Hansefit – corporate fitness made in Germany
Like Gympass Hansefit focuses on a thoroughly researched corporate fitness programme. This network is the market leader in Germany and offers companies a programme that allows their staff to train with all partners of the alliance without any restrictions. Fitness clubs, swimming pools, wellness and physical therapy: over 1,700 network partners in Germany accept the Hansefit card. More than 1,500 companies employing over 250,000 staff already make use of it. Since 2018 Hansefit has been part of the portfolio of private-equity fund Waterland and seeks to exploit the full market potential through accelerated expansion and to further digitalise the range. There is no additional red tape. Hansefit offers fitness club operators added income and other attractive features such as the Twogether partner programme. Hansefit members can take a second person along to the participating fitness studio. Upon concluding a new contract this person receives a full 20% discount on monthly fees and one-off costs.

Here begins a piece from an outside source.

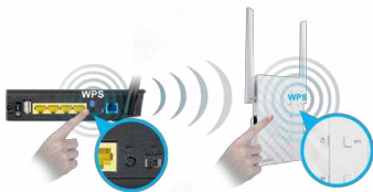
WPS- Einrichtung mit einem Klick

Der RP-N12 WLAN-Repeater besitzt leistungsstarke externe MIMO-Antennen, mit denen sich Funklöcher eliminieren lassen und der Abdeckungsbereich bestehender WLAN-Router erweitert werden kann. Im Repeater-Modus erweitert er das WLAN-Netzwerk bis in den letzten Winkel des Zuhauses — sogar in ansonsten schwer zugänglichen Bereichen. Somit ermöglicht der Repeater von jedem Punkt aus einen zuverlässigen Zugang zum Internet mit hoher Geschwindigkeit für Geräte wie bspw. Notebooks, Tablets, Smartphones, Spielekonsolen und Smart-TVs.

And more: My Fitness Card, FITFOX, ClassPass
My Fitness Card offers somewhat lower rates but also limits the number of monthly check-ins at one and the same club. The portfolio is also very extensive here. Particularly attractive for users: My Fitness Card is an exclusive partner to Fitness First Studios. Competitor FITFOX by SportScheck parts with the idea of a monthly subscription. Via fitfox.de tickets for a variety of sports can be reserved. These tickets are available as daily, weekly, monthly passes and as 3, 5 and 10-visit passes for over 700 partner studios and over 3,000 sport activities in 100 German cities. The Hamburg-based start-up was established in 2013 and is now a wholly owned subsidiary of SportScheck. Boasting in excess of 19,000 partner clubs in 16 countries around the globe the US fitness start-up ClassPass in fact only launched in Germany in May 2019 – with 300 partners in Munich and Berlin for the time being. Its services focus on group fitness courses. For the German launch they were able to enlist such clubs as BeCycle, Adidas RUNBASE, blackBIKE and UN1T. Membership is based on a credit system. In exchange for a monthly fee, members acquire a fixed number of credits. Each course costs users a specific number of credits which vary according to the availability, frequency and popularity of the clubs or courses.